> [Exercise requirements]
Please return the lines below verbatim, beginning at the one that has "description = Tree growing in old corn crib" and stopping after the one that has "[무한뉴스=최진수 기자] 최근", and add no other lines.

##### Data #####

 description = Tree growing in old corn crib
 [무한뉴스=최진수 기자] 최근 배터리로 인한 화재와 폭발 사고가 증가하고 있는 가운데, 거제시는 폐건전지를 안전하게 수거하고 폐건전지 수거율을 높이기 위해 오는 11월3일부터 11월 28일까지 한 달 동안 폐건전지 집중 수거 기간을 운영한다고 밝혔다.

#####
##### Data #####

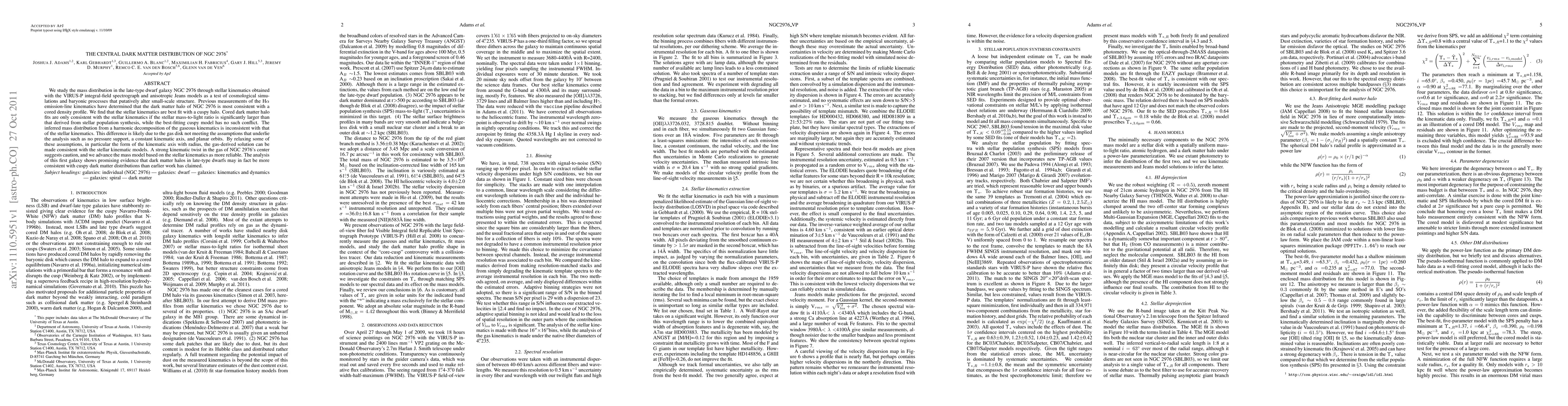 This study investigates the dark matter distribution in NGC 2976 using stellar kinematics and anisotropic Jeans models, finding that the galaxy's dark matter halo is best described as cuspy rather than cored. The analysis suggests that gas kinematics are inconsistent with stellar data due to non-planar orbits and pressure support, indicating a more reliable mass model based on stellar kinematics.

#####

> [Result for this exercise]
 description = Tree growing in old corn crib
 [무한뉴스=최진수 기자] 최근 배터리로 인한 화재와 폭발 사고가 증가하고 있는 가운데, 거제시는 폐건전지를 안전하게 수거하고 폐건전지 수거율을 높이기 위해 오는 11월3일부터 11월 28일까지 한 달 동안 폐건전지 집중 수거 기간을 운영한다고 밝혔다.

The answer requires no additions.